Typical Resolution Category

Credential Misconfigurations

AccessDenied, NoCredentialProviders, VCS auth errors

Correct IAM, Env Vars, Secure Secrets

Webhook Delivery Failures

No PR comments, VCS delivery errors, signature mismatch

Fix URL/Secret, Network Rules, Event Subscriptions

Plan/Apply Lock Contention

"Project locked by PR #XYZ", UI shows active locks

Manual Unlock, Fix Stuck PRs, Refine atlantis.yaml projects

Plan Inconsistencies

Atlantis plan differs from local plan

Align TF/Provider Versions, .terraform.lock.hcl, Env Vars

atlantis.yaml Errors

Autoplan fails, wrong workflow, project not found

Fix YAML syntax, when_modified patterns, workflow logic

Performance Bottlenecks

Slow plans/applies, high server load

Optimize TF code/state, Increase Server Resources, Tune Parallelism

Basic Security Oversights

Unauthenticated UI, HTTP webhooks, broad permissions

Enable Auth/HTTPS, Least Privilege, Secure Secrets, Restrict Workflows

Stale Plans/Diverged Branches

Apply fails on drift, undiverged blocks apply

Rebase PR, Use merge strategy + undiverged req, VCS rules

Conclusion: Mastering Atlantis and Considering Alternatives

Terraform Atlantis offers valuable automation for IaC workflows. However, as we've seen, navigating its operational complexities requires diligence, a good understanding of its internals, and careful configuration. For teams managing a few repositories with straightforward needs, mastering these troubleshooting steps can lead to a stable Atlantis setup.

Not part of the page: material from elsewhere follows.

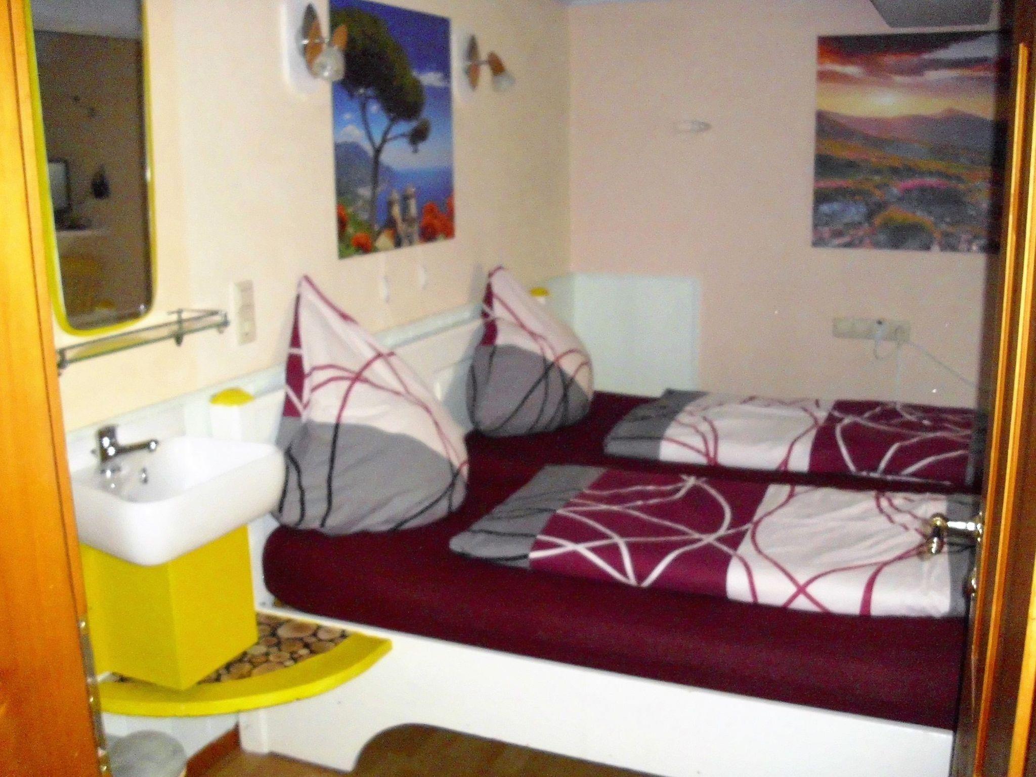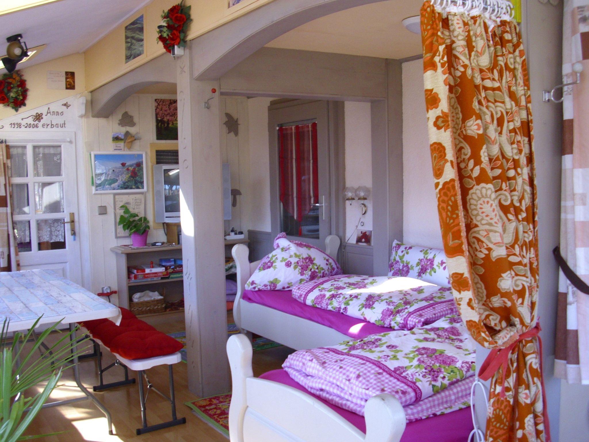 Inside, you will find a cosy bedroom with a double bed, while the heated conservatory has two additional single beds. The spacious kitchen is equipped with a gas hob, electric oven, toaster, kettle, fridge and a small freezer. A tiled stove provides additional cosiness - particularly popular in the cooler months. In the living room you will find another tiled stove, a comfortable couch, satellite TV, hi-fi system, DVD and VHS recorder as well as a record player, complemented by a selection of records, books, MCs, CDs and DVDs on the 1st floor.

Yet, as infrastructure scale and team size grow, the cumulative effort of managing these issues—ensuring credential hygiene across numerous projects, debugging atlantis.yaml intricacies, optimizing performance, and maintaining a robust security posture—can become substantial. This is often the point where organizations begin to evaluate more comprehensive IaC management platforms. Solutions like Scalr are designed to address many of these challenges natively, offering features such as integrated secret management, hierarchical configuration, role-based access control, sophisticated run orchestration, and policy enforcement through Open Policy Agent (OPA). By abstracting away some of the lower-level operational burdens, these platforms can empower teams to focus more on defining and evolving their infrastructure, rather than on the intricacies of the automation tooling itself.

Ultimately, the right choice depends on your team's specific needs, scale, and tolerance for operational overhead. Understanding the common pitfalls of Atlantis is the first step, whether your goal is to optimize your current setup or to identify when it's time to explore alternatives that might offer a more streamlined path to secure and efficient Infrastructure as Code.